Circular polarization is another form of filtering out certain orientations so that you can control which light beams pass through which lens. However, in this case the direction of oscillation is not a single orientation but more accurately a pattern of oscillations parameterized by time. The first step to achieve circular polarization is to send the light through a linear polarizer as just discussed. That light is then sent through what is known as a quarter-wave filter. A typical arrangement is shown in Figure 24-8.

Circular polarization filter (public domain image by Dave3457; )
Figure 24-8. Circular polarization filter (public domain image by Dave3457; http://commons.wikimedia.org)

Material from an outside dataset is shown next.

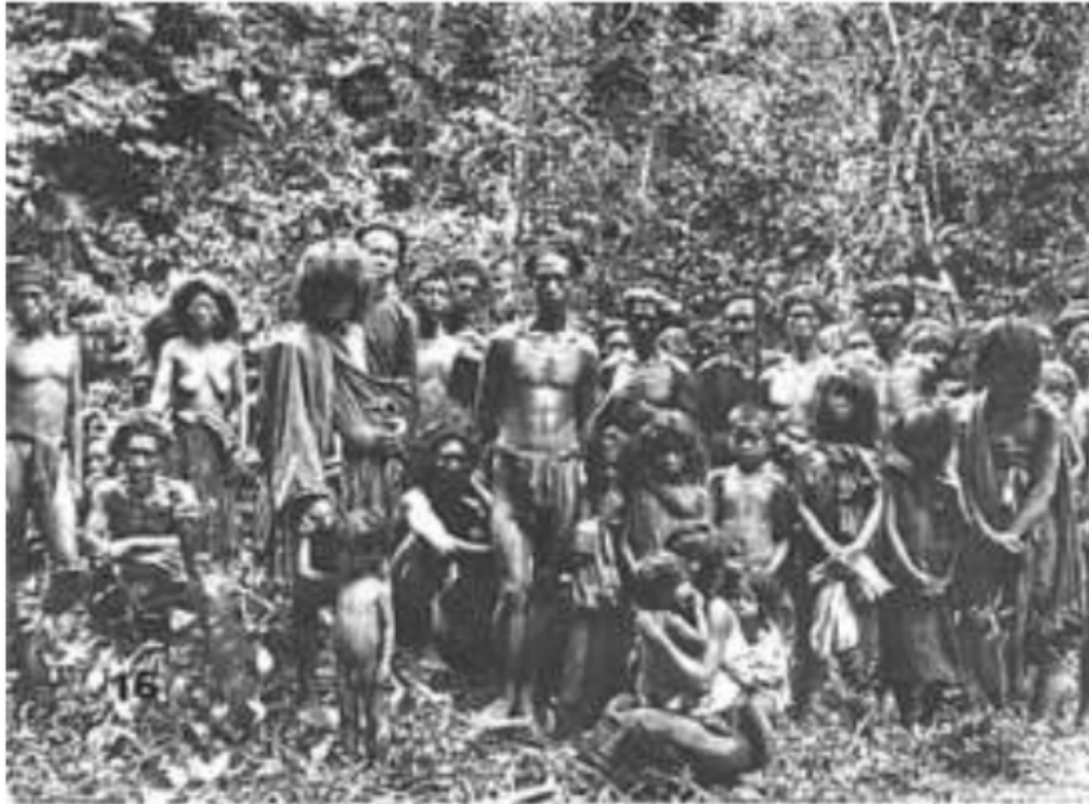
Gambar 27. Suku Kubu di Air Itam, Onderafdeeling Lematang Ilir, Keresidenan Palembang, 1920

berpindah-pindah di sekitar daerah aliran sungai Musi, sungai Rawas, sungai Lalan dan sungai Banyulincir. Kesatuan hidup mereka dalam keluarga inti cukup penting, tetapi masyarakat pengembara ini lebih senang hidup mengelompok dalam lingkungan keluarga orang tuanya. Setiap kelompok dipimpin oleh seorang laki-laki senior yang dianggap bijaksana dan berpengalaman. Masyarakat ini umumnya masih menganut sistem perkawinan endogami kelompok tetapi disertai dengan larangan kawin saudara sekandung dan saudara sepupu pihak ibu.

First a linear polarizer rotated to 45 degrees accepts incoming light and polarizes as we discussed earlier. The circular polarization effect is accomplished when a light wave polarized at 45 degrees hits the filter that accepts both 0- and 90-degree oscillations. As previously noted, this is called a quarter-wave filter. The resulting combination of 0- and 90-degree components of the intermediate 45-degree beam results in oscillations that turn right or left in a regular pattern. Patterns that turn counterclockwise are called left-handed. Patterns that turn clockwise are called right-handed.

The main benefit is that the lenses create the same pattern regardless of their rotation about the center of the lens. In other words, if you rotated the assembly shown in Figure 24-8, meaning both lenses about the center axis, there will be no change in the polarization. This reduces the effect of head position on the viewer’s ability to fuse the right and left eye channels, reducing eyestrain and increasing comfort. As a side note, it is also required for use in digital cameras, as linear polarization would affect the autofocus and light-metering features of SLRs.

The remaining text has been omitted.